- _WHAT TO DO_
Tell how many lines in the following entries include the word "with", giving the figure alone.

- _INFORMATION_
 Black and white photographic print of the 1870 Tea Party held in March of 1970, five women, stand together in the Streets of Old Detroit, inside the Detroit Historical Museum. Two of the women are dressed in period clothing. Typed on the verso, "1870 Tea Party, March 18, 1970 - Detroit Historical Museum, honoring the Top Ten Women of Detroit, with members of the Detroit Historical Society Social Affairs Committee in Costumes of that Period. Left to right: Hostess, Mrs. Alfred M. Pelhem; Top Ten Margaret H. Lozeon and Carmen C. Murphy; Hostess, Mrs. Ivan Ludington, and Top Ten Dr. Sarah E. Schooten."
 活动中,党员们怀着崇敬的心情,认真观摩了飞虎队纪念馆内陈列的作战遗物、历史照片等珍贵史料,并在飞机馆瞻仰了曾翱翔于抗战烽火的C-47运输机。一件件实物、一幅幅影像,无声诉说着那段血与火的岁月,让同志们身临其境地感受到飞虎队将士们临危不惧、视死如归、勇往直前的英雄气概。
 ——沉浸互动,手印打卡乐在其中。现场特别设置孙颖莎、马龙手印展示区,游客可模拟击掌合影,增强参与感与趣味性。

---

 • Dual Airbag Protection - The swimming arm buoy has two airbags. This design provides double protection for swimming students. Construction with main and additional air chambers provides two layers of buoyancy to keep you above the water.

==

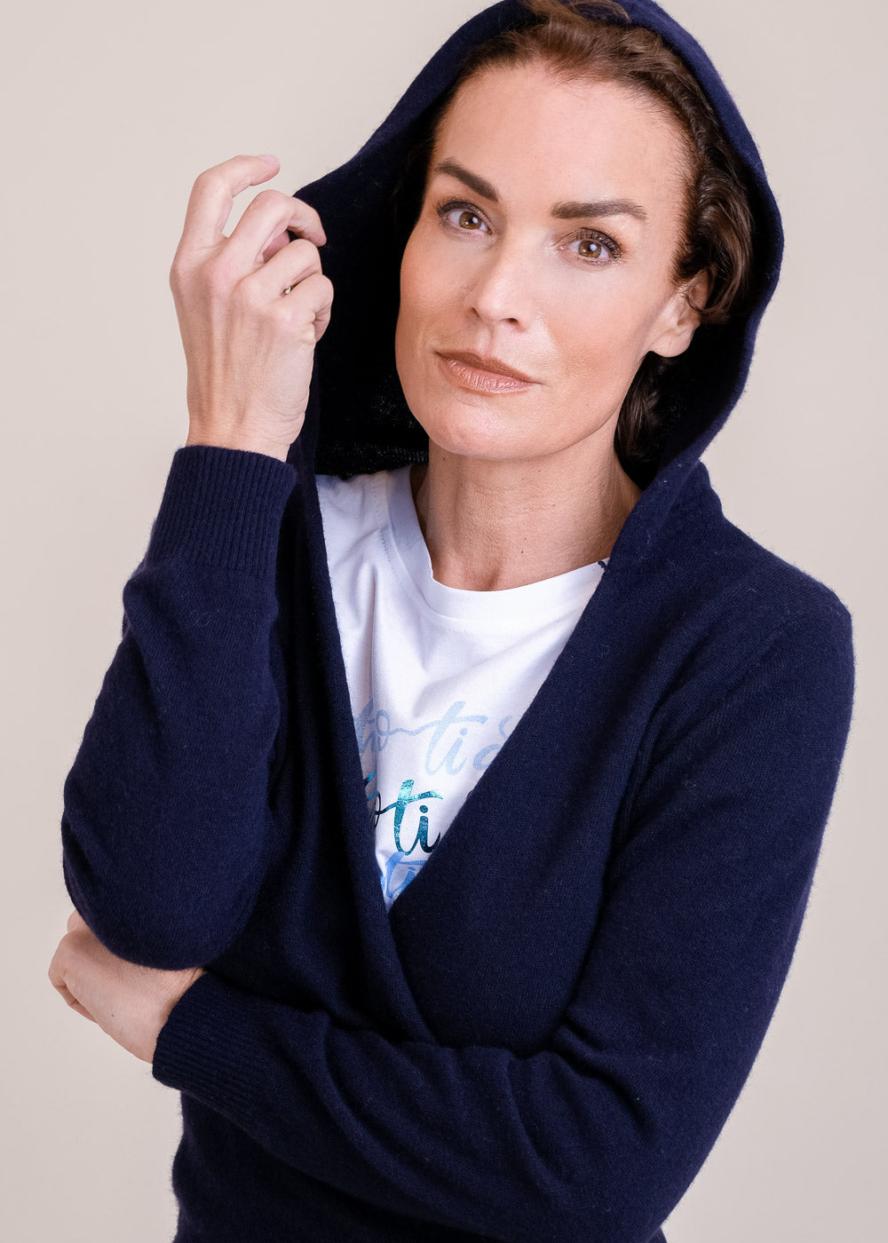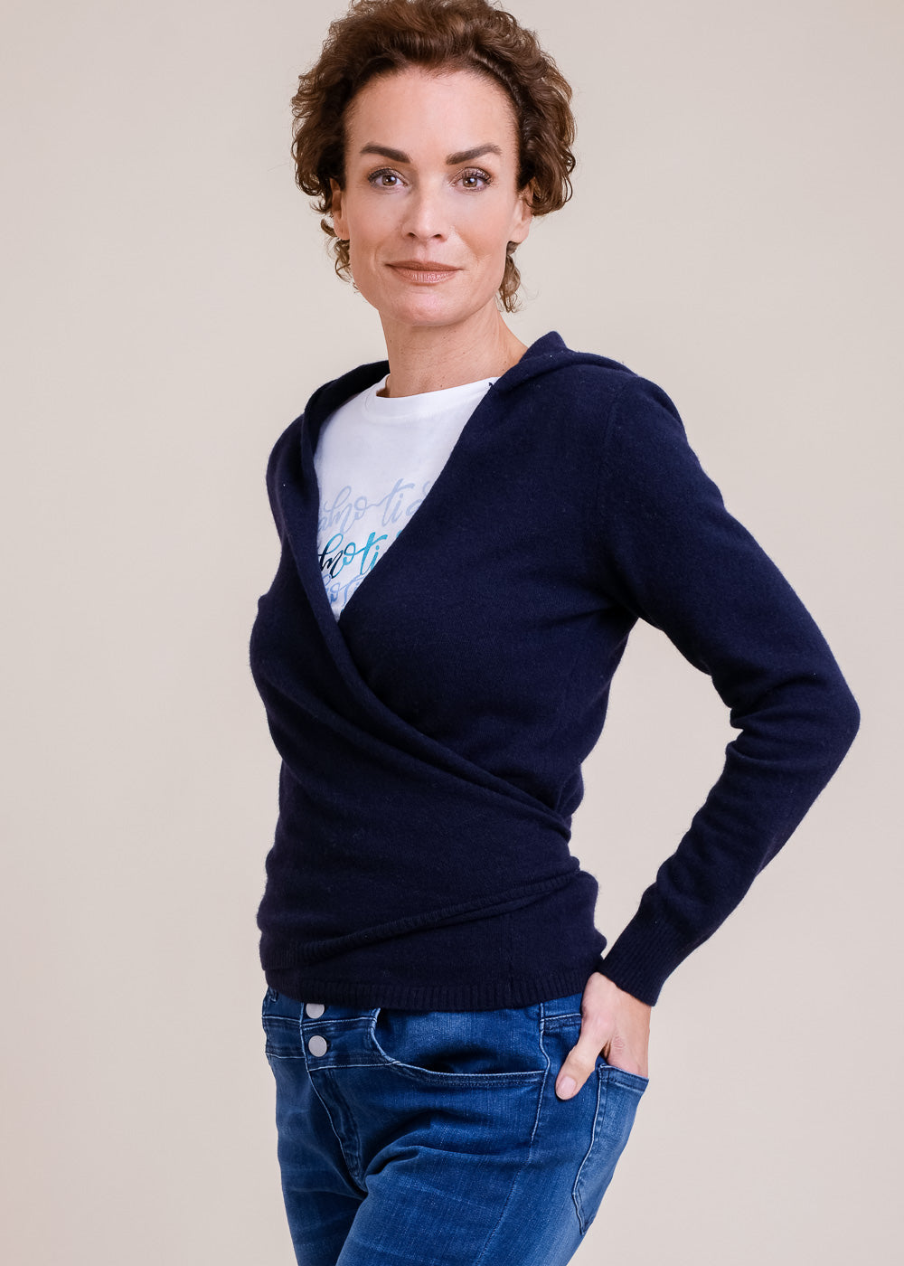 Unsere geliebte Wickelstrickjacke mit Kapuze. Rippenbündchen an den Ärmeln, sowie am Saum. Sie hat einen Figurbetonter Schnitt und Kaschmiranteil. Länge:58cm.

- _ANSWER TO THIS PROBLEM_
2